Search code examples
rexceptiontry-catchr-faq

How to use the tryCatch() function?


I want to write code using tryCatch to deal with errors downloading data from the web.

url <- c(
    "http://stat.ethz.ch/R-manual/R-devel/library/base/html/connections.html",
    "http://en.wikipedia.org/wiki/Xz")
y <- mapply(readLines, con=url)

These two statements run successfully. Below, I create a non-exist web address:

url <- c("xxxxx", "http://en.wikipedia.org/wiki/Xz")
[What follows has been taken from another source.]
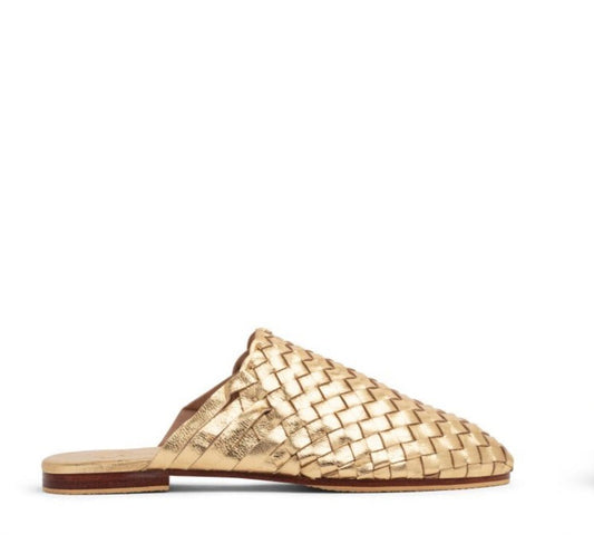 Gold Handwoven Lambskin Slippers
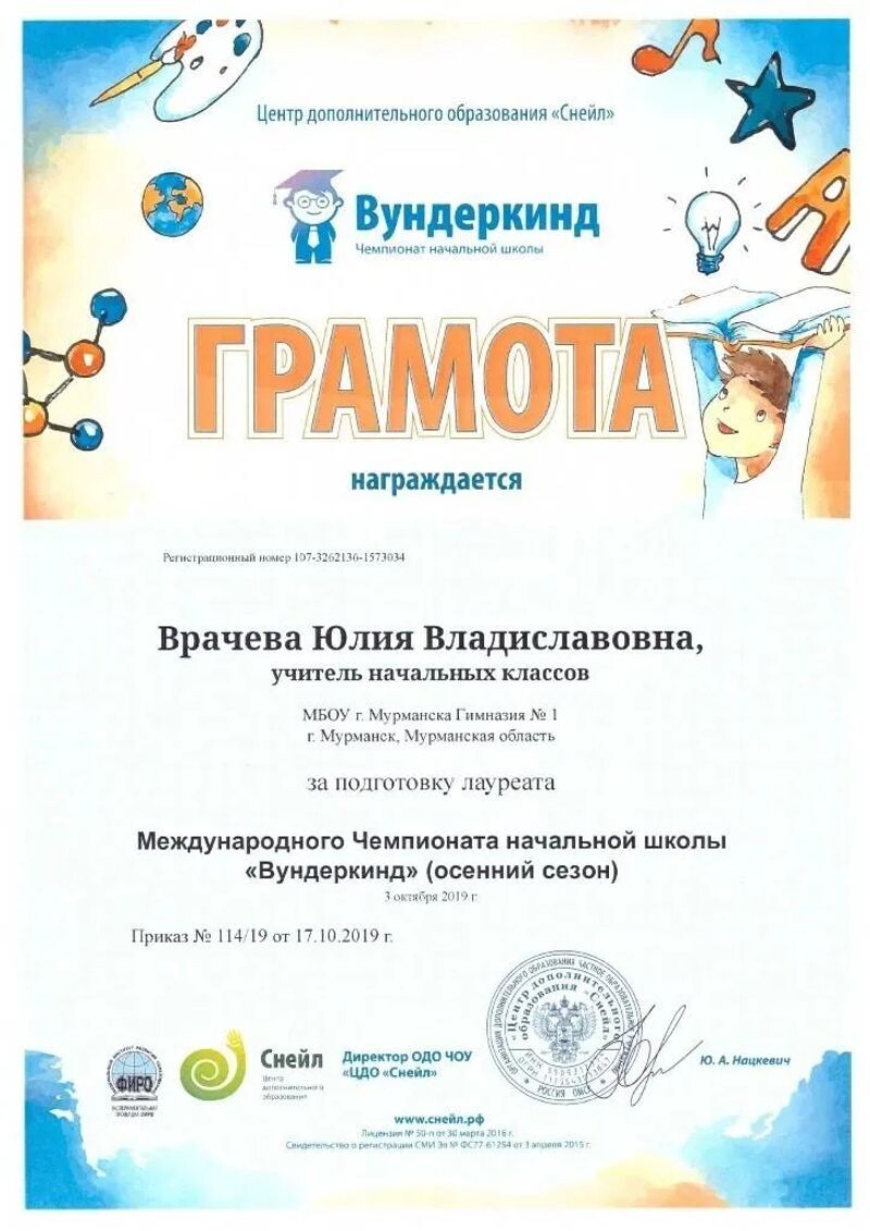 - ЦДО «Снейл», грамота за подготовку лауреата Международного Чемпионата начальной школы «Вундеркинд» (осенний сезон), 2019 г.

url[1] does not exist. How does one write a tryCatch loop (function) so that:

  1. When the URL is wrong, the output will be: "web URL is wrong, can't get".
  2. When the URL is wrong, the code does not stop, but continues to download until the end of the list of URLs?

Solution

  • Setting up the code

    urls <- c(
        "http://stat.ethz.ch/R-manual/R-devel/library/base/html/connections.html",
        "http://en.wikipedia.org/wiki/Xz",
        "xxxxx"
    )
    
    readUrl <- function(url) {
        tryCatch(
            {
                # Just to highlight: if you want to use more than one
                # R expression in the "try" part then you'll have to
                # use curly brackets.
                # 'tryCatch()' will return the last evaluated expression
                # in case the "try" part was completed successfully
    
                message("This is the 'try' part")
    
                suppressWarnings(readLines(url))
                # The return value of `readLines()` is the actual value
                # that will be returned in case there is no condition
                # (e.g. warning or error).
            },
            error = function(cond) {
                message(paste("URL does not seem to exist:", url))
                message("Here's the original error message:")
                message(conditionMessage(cond))
                # Choose a return value in case of error
                NA
            },
            warning = function(cond) {
                message(paste("URL caused a warning:", url))
                message("Here's the original warning message:")
                message(conditionMessage(cond))
                # Choose a return value in case of warning
                NULL
            },
            finally = {
                # NOTE:
                # Here goes everything that should be executed at the end,
                # regardless of success or error.
                # If you want more than one expression to be executed, then you
                # need to wrap them in curly brackets ({...}); otherwise you could
                # just have written 'finally = <expression>' 
                message(paste("Processed URL:", url))
                message("Some other message at the end")
            }
        )
    }
    

    Using the code

    > y <- lapply(urls, readUrl)
    This is the 'try' part
    Processed URL: http://stat.ethz.ch/R-manual/R-devel/library/base/html/connections.html
    Some other message at the end
    This is the 'try' part
    Processed URL: http://en.wikipedia.org/wiki/Xz
    Some other message at the end
    This is the 'try' part
    URL does not seem to exist: xxxxx
    Here's the original error message:
    cannot open the connection
    Processed URL: xxxxx
    Some other message at the end
    

    Investigating the output

    > head(y[[1]])
    [1] "<!DOCTYPE html><html><head><title>R: Functions to Manipulate Connections (Files, URLs, ...)</title>"
    [2] "<meta http-equiv=\"Content-Type\" content=\"text/html; charset=utf-8\" />"
    [3] "<meta name=\"viewport\" content=\"width=device-width, initial-scale=1.0, user-scalable=yes\" />"
    [4] "<link rel=\"stylesheet\" href=\"https://cdn.jsdelivr.net/npm/katex@0.15.3/dist/katex.min.css\">"
    [5] "<script type=\"text/javascript\">"
    [6] "const macros = { \"\\\\R\": \"\\\\textsf{R}\", \"\\\\code\": \"\\\\texttt\"};"
    
    > length(y)
    [1] 3
    
    > y[[3]]
    [1] NA
    

    Additional remarks

    tryCatch

    tryCatch returns the value associated to executing expr unless there's an error or a warning. In this case, specific return values (see NA above) can be specified by supplying a respective handler function (see arguments error and warning in ?tryCatch). These can be functions that already exist, but you can also define them within tryCatch() (as I did above).

    The implications of choosing specific return values of the handler functions

    As we've specified that NA should be returned in case of error, the third element in y is NA.